Press Makes Much of Bush-McCain Tensions
(CNSNews.com) - John McCain's supporters accuse George W Bush of "macho talk" that has set back efforts to reconcile the Republican frontrunner and his main primary-season rival. The flap stems from a recent interview Bush gave The New York Times.
Among other things, the newspaper asked Bush about Arizona Sen. John McCain producing record turnouts in the primaries. "Well, then, how come he didn't win?" Bush responded. Asked whether McCain had raised his consciousness about reform, Bush replied, "No, he didn't change my views." Bush also said he would not make concessions to McCain on campaign finance reform.
Trying to make amends after the newspaper published the interview Wednesday, Bush campaign manager Joe Allbaugh reportedly called McCain's top political adviser to say he regretted that the newspaper story didn't include more of the nice things Bush said about McCain.
Allbaugh reportedly promised that Bush would go out of his way in the future to say nice things about McCain to reporters, and Bush did point to areas of agreement between them in various campaign stops Thursday. "I'm confident we can work together," he said.

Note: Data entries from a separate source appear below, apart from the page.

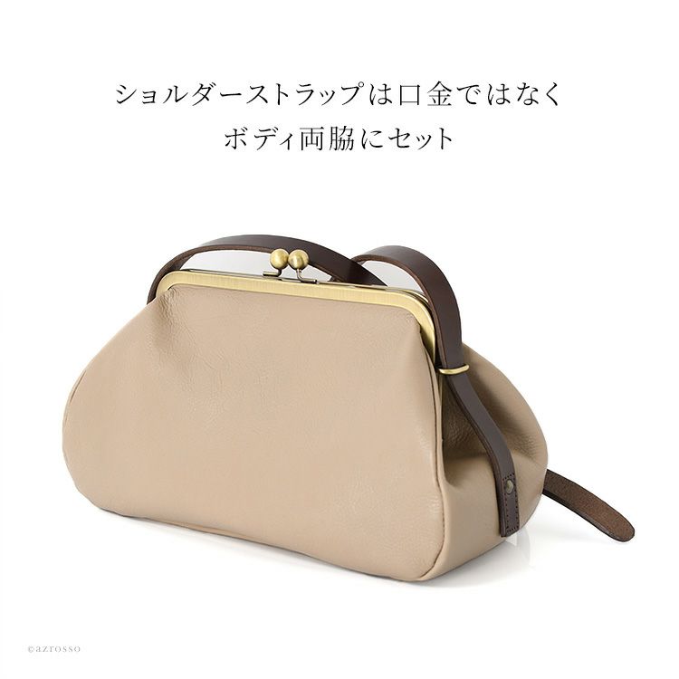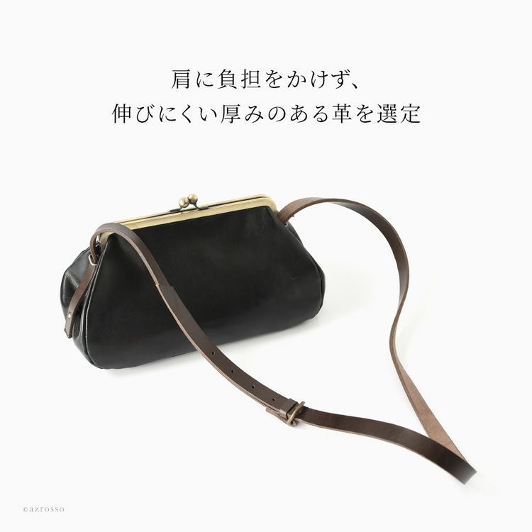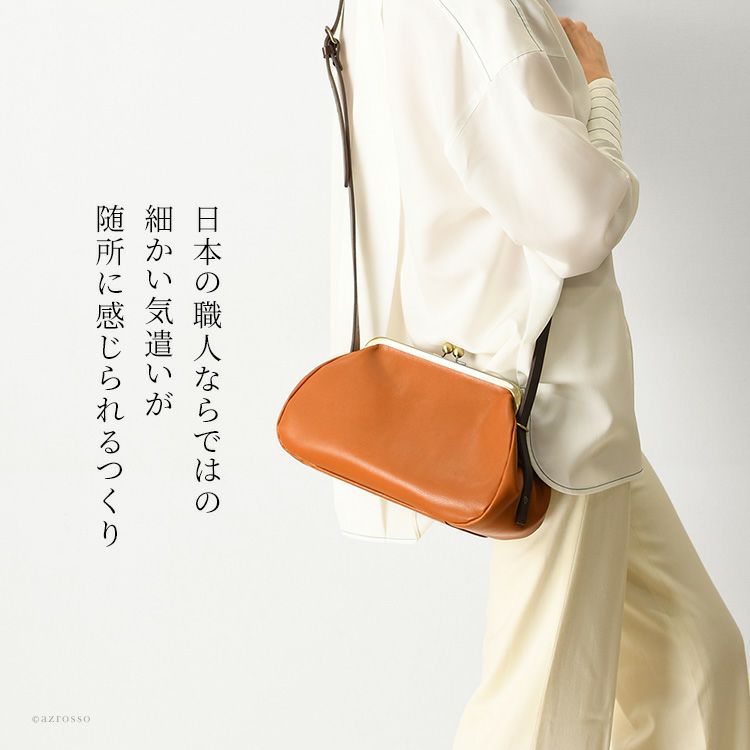安心のメイドインジャパン品質、スマートさ、クールさ、にがま口の可愛さをプラスした口金ショルダーバッグ。コンパクトなサイズながら、広めのマチで大容量。 がま口 口金 ショルダーバッグ 本革 日本製 レザー 横型 自立 大容量 肩掛け 斜めがけ 自立 ブラック キャメル オーク レッド 赤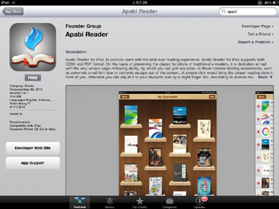 據悉,方正集團旗下知名數字出版技術(shù)公司——方正阿帕比,最新發(fā)布了其明星產(chǎn)品——電子書(shū)閱讀軟件Apabi Reader針對iPad開(kāi)發(fā)的版本。據了解,這款 Apabi Reader for iPad  v1.0.1是國內首款正式登陸iPad的專(zhuān)業(yè)電子書(shū)閱讀軟件。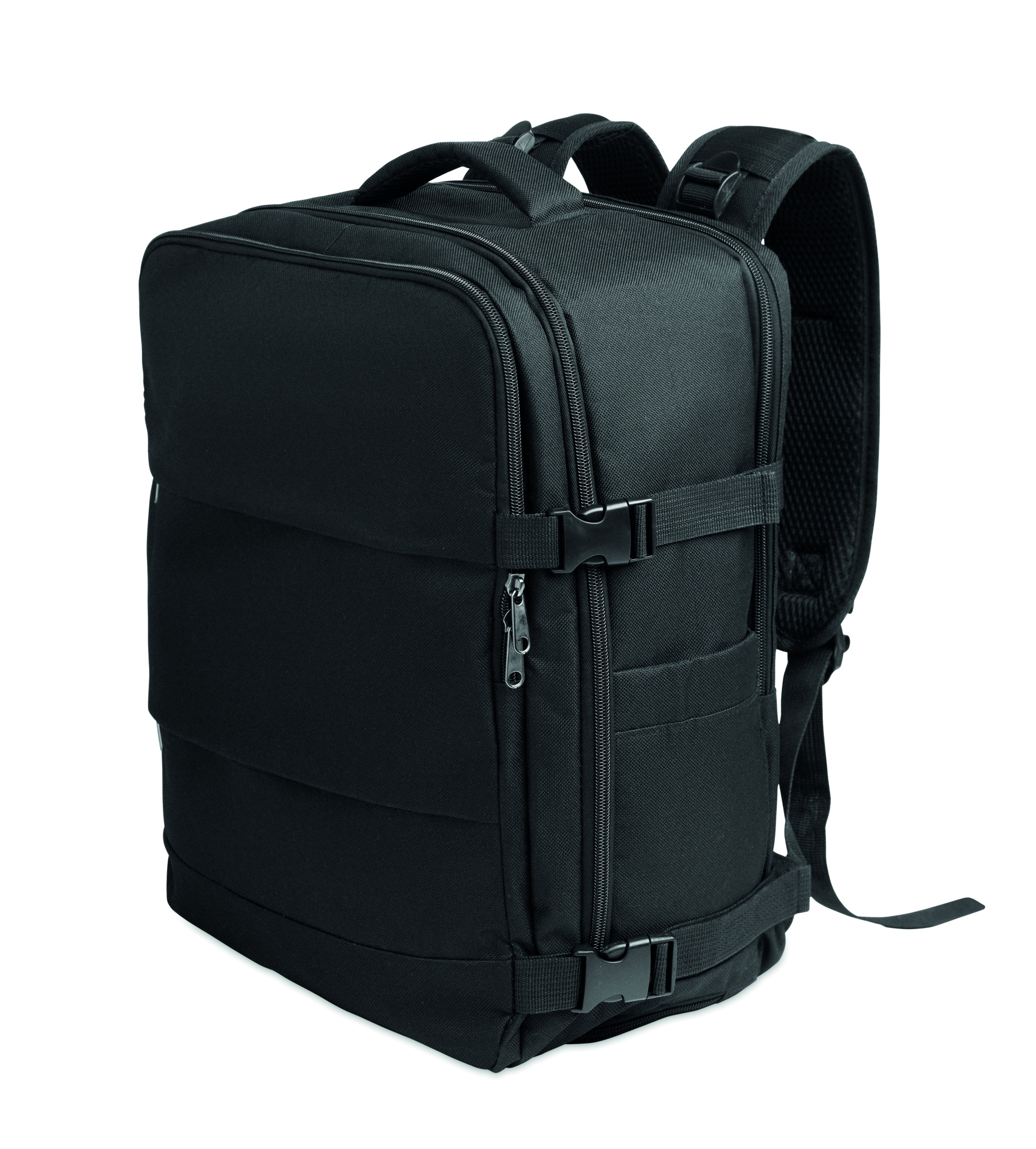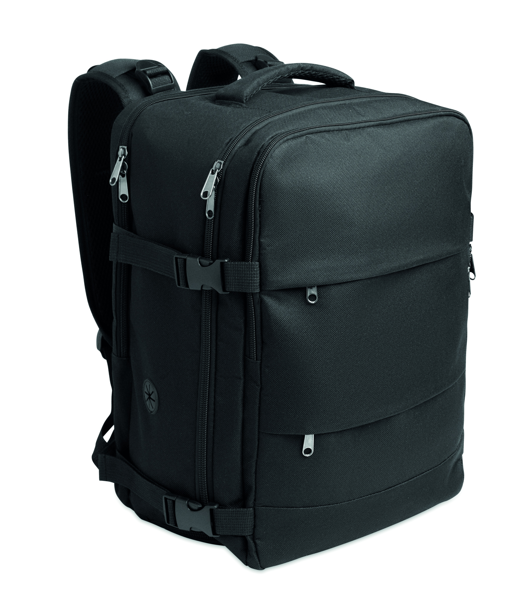Salongimõõdus pikendatav seljakott 600D RPET polüestrist PU-tagusega ja 180° avausega. Sisaldab jalanõude vaheseina, polsterdatud 15-tollist sülearvutitaskut, võrgust rihmasid, pagasirihma ja külgmisi pandlaid.
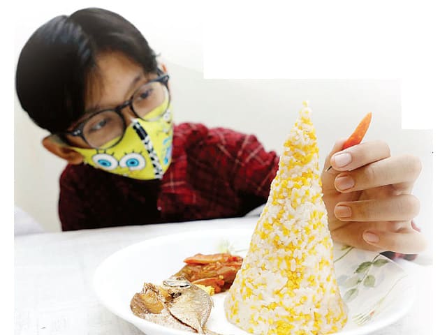 BAHAN ALTERNATIF: Rafi Ayra Wisanggeni, seorang pelajar di Sidoarjo, sedang palting nasi jagung. Jagung salah satu bahan makanan pengganti beras yang banyak diproduksi di Indonesia. (PUGUH SUJATMIKO/JAWA POS)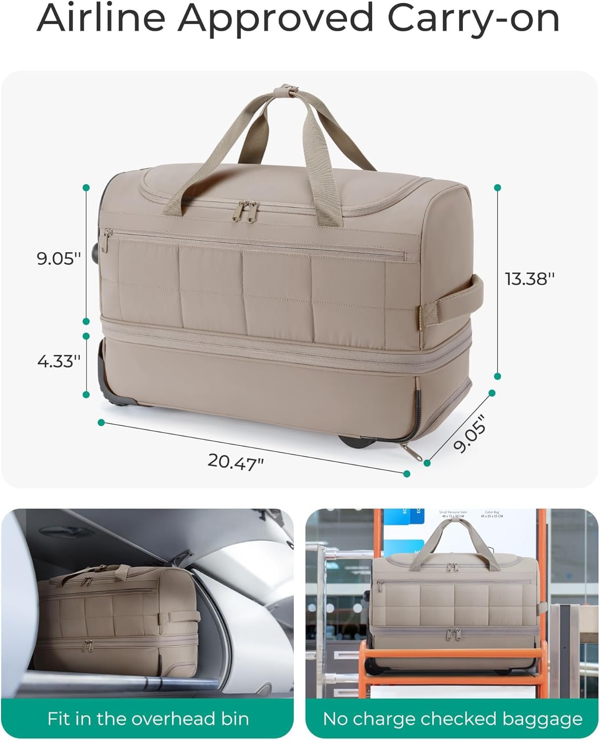 Airplane Approved: Travel friendly carry-on rolling duffle bag meet the size requirements of most International Air Transport Association flights, underseat also the overhead compartment

At a news conference Thursday in Springfield, Illinois, Bush said the "story out today ... doesn't characterize how I feel." He pointed to an interview on the front page of The Dallas Morning News that quotes Bush as saying he wants to mend fences with John McCain. "That's how I feel," he said.

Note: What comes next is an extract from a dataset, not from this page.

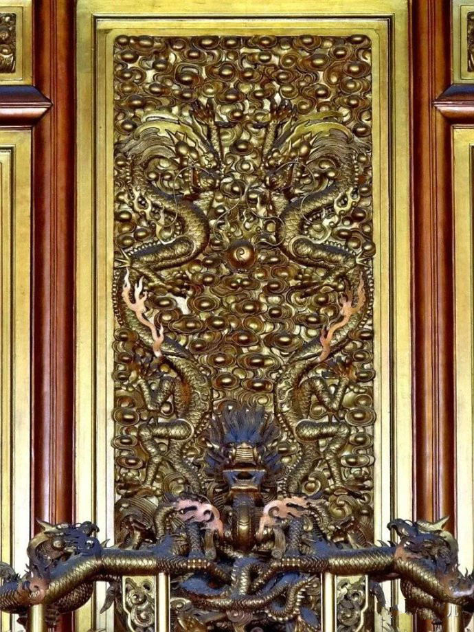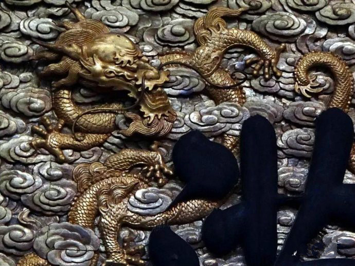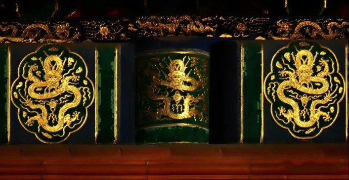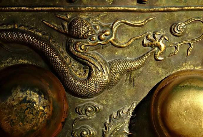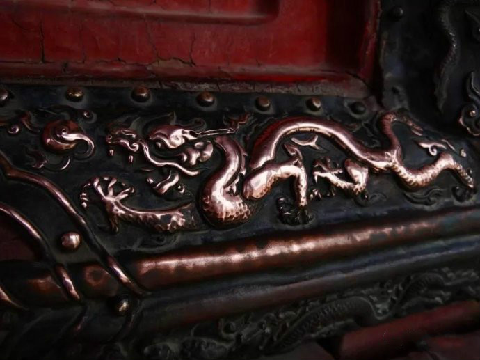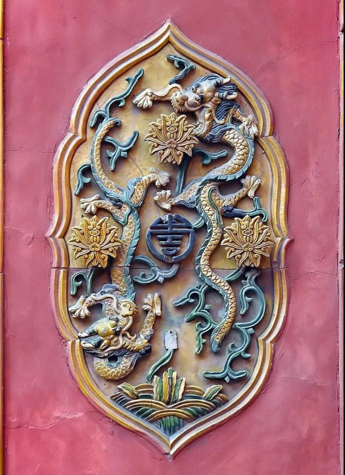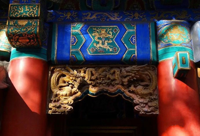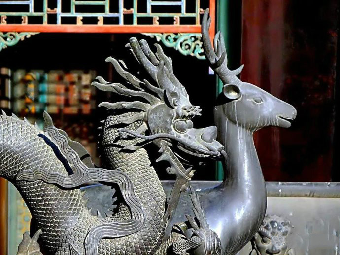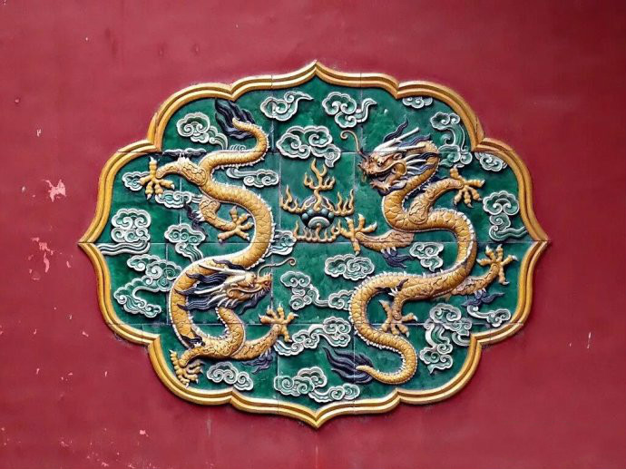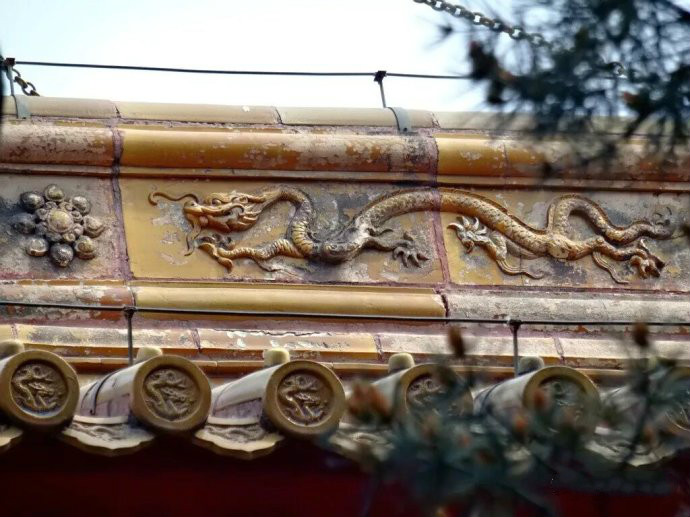 墙上镶嵌着琉璃龙 院子里摆着青铜龙

McCain's advisers reportedly were stunned that Bush, in his New York Times interview, would be so dismissive of McCain while his aides are quietly seeking McCain's endorsement.

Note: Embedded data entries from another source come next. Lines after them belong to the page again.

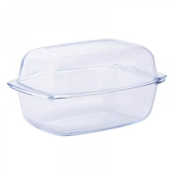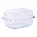 Pravokutna posuda za pećnicu s poklopcem od borosilikatnog stakla otporan na temperaturu -50*C do +500*C Sigurno u kontaktu s hranom Pogodno za bilo koju vrstu pećnice i štednjaka Kapacitet: 7l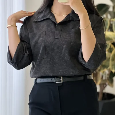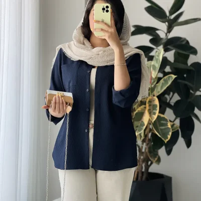 شومیز مانتویی مدل روژان جنس لنین وال اسلپ مدل کد 754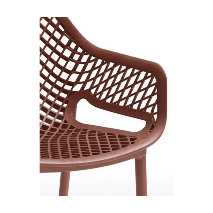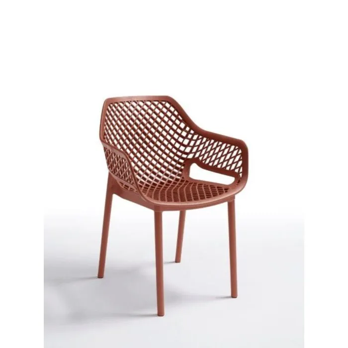 Stol RIO v opečnato rdeči barvi, je moderen stol izdelan iz polipropilena, kateremu so dodana steklena vlakna za še večjo trdnost. Stol je namenjen tako za zunanjo uporabo kot vrtni stol ali pa bo našel mesto v vaši jedilnici. Stol je idealen tudi za terase in gostinske obrate. Stol Rio ima tudi UV zaščito, kar stolu omogoča, da več časa ohranja prvotno barvo na soncu. Stoli so nakladalni, zato pri spravilu vzamejo malo prostora.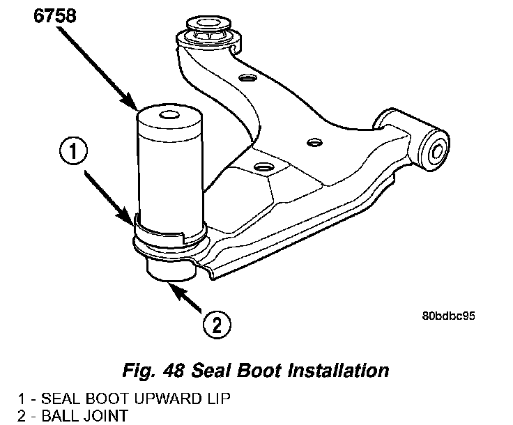 CAUTION: When installing the sealing boot on the ball joint, position the upward lip on the outside perimeter of the seal boot outward, away from the control arm once installed (Fig. 48). It is there to help shield heat from the sealing boot.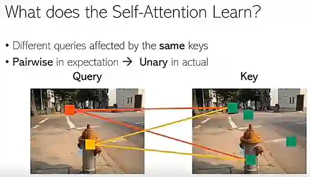但是实际上,我们会发现,结果和预期其实很不一样(如图9)。对于左边的这2个 Query 像素来说,通常会被同一组 Key 像素所影响,例如这里的2个像素(红色的线所连接的两个像素),那这也就意味着,自注意模型从一个 Query 有关的模型退化到了一个 Query 无关的模型。那起作用的很有可能是一个一阶的、全局的 unary 模型,而不是我们所想要的二阶的 pairwise 模型。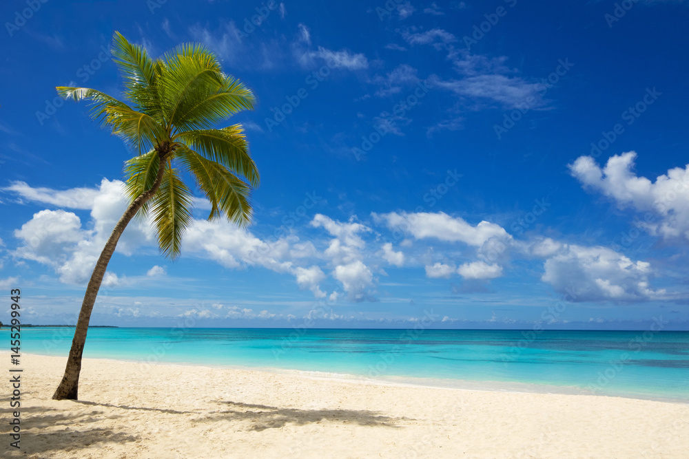 Beautiful tropical beach with golden sand, coconut palm against the backdrop of the azure ocean.

According to wire services, a senior McCain adviser said a quick resolution to the feud is now out of the question. He put the odds of McCain endorsing Bush before the election at "no better than 50-50."
Another adviser said it was now probable that McCain would never directly endorse Bush himself, though he could still back the ticket late in the campaign.
Sen. Chuck Hagel, a Nebraska Republican who co-chaired McCain's campaign, told The New York Times, "I don't think it enhances the bridge-building that needs to be done here. That was a pretty arrogant interview and it doesn't help what we're all trying to do here."
Vice President Al Gore also jumped into the act Thursday, saying Bush "should have been taking notes from John McCain" on campaign finance reform and tax policy.
McCain, who "suspended" his presidential campaign after the Super Tuesday primaries, is on vacation and unavailable for comment. He returns to Washington Monday.
In the meantime, there's plenty of mileage to be made among Democrats and their supporters by perpetuating the notion of a divided Republican party.